WORK TO COMPLETE - Starting with the line that contains "近日,新疆哈密水務(wù)有" and stopping after the line that contains "The solid base", copy the entries below exactly. Include nothing else.
(Beginning of PROVIDED ENTRIES)
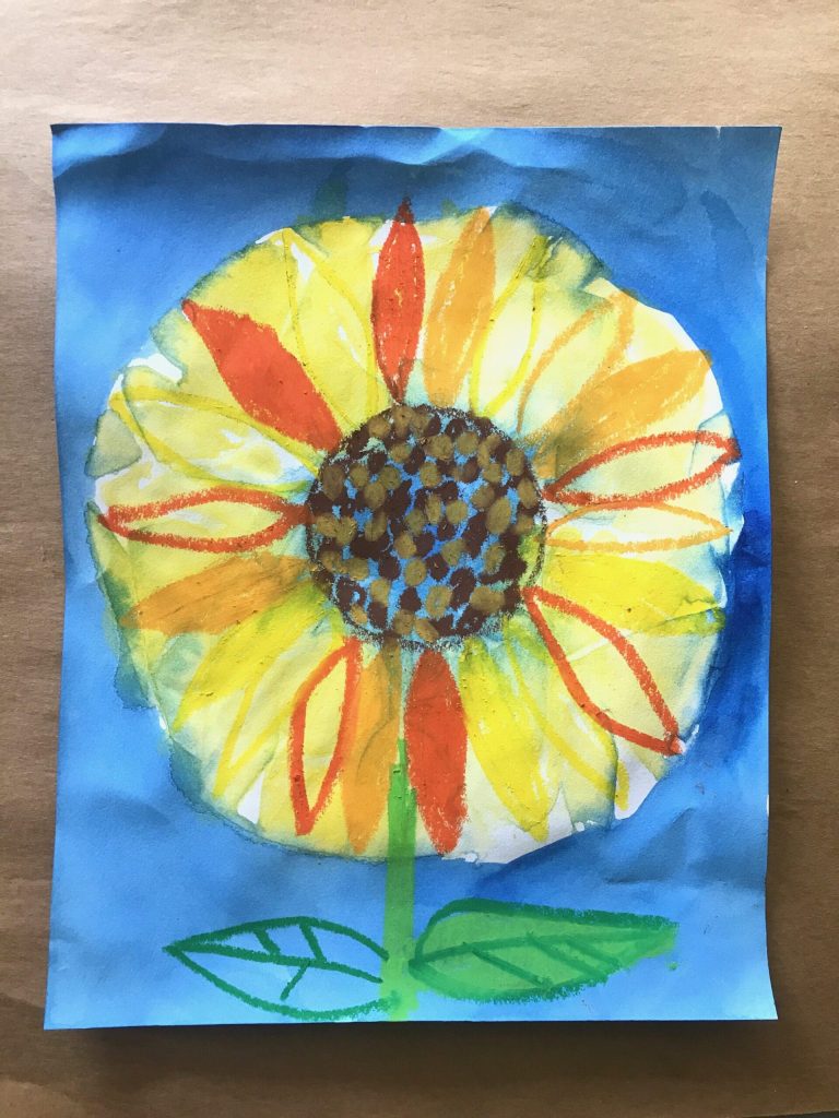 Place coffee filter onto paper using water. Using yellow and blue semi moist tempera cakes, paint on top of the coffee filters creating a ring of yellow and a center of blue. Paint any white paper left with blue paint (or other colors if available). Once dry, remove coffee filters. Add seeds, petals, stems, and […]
(End of PROVIDED ENTRIES)
(Beginning of PROVIDED ENTRIES)
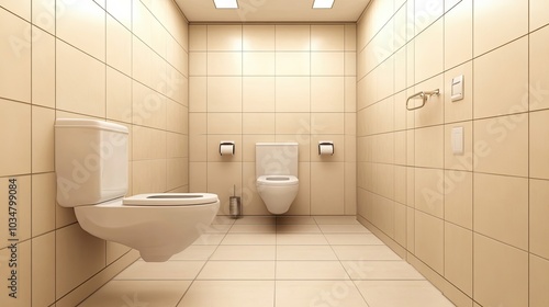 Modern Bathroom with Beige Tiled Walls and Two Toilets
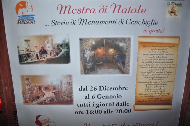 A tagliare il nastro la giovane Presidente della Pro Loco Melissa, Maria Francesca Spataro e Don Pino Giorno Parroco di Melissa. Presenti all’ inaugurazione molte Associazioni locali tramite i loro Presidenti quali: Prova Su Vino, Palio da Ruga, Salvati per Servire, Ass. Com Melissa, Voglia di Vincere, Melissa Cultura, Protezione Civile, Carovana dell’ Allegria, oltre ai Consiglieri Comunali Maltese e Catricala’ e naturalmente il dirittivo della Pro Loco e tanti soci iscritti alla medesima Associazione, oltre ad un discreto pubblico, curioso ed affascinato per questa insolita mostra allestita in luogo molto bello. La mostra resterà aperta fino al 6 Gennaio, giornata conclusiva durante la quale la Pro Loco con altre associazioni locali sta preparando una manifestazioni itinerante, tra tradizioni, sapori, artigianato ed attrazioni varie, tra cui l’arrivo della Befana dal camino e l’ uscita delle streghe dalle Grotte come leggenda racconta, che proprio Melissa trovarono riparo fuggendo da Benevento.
(End of PROVIDED ENTRIES)
(Beginning of PROVIDED ENTRIES)
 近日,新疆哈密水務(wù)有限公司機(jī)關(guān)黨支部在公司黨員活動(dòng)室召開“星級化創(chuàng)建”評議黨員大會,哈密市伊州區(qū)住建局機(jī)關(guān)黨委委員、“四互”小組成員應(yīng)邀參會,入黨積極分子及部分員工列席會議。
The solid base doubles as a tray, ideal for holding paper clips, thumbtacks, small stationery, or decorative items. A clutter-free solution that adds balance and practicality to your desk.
(End of PROVIDED ENTRIES)
THE COMPLETED TASK -
 近日,新疆哈密水務(wù)有限公司機(jī)關(guān)黨支部在公司黨員活動(dòng)室召開“星級化創(chuàng)建”評議黨員大會,哈密市伊州區(qū)住建局機(jī)關(guān)黨委委員、“四互”小組成員應(yīng)邀參會,入黨積極分子及部分員工列席會議。
The solid base doubles as a tray, ideal for holding paper clips, thumbtacks, small stationery, or decorative items. A clutter-free solution that adds balance and practicality to your desk.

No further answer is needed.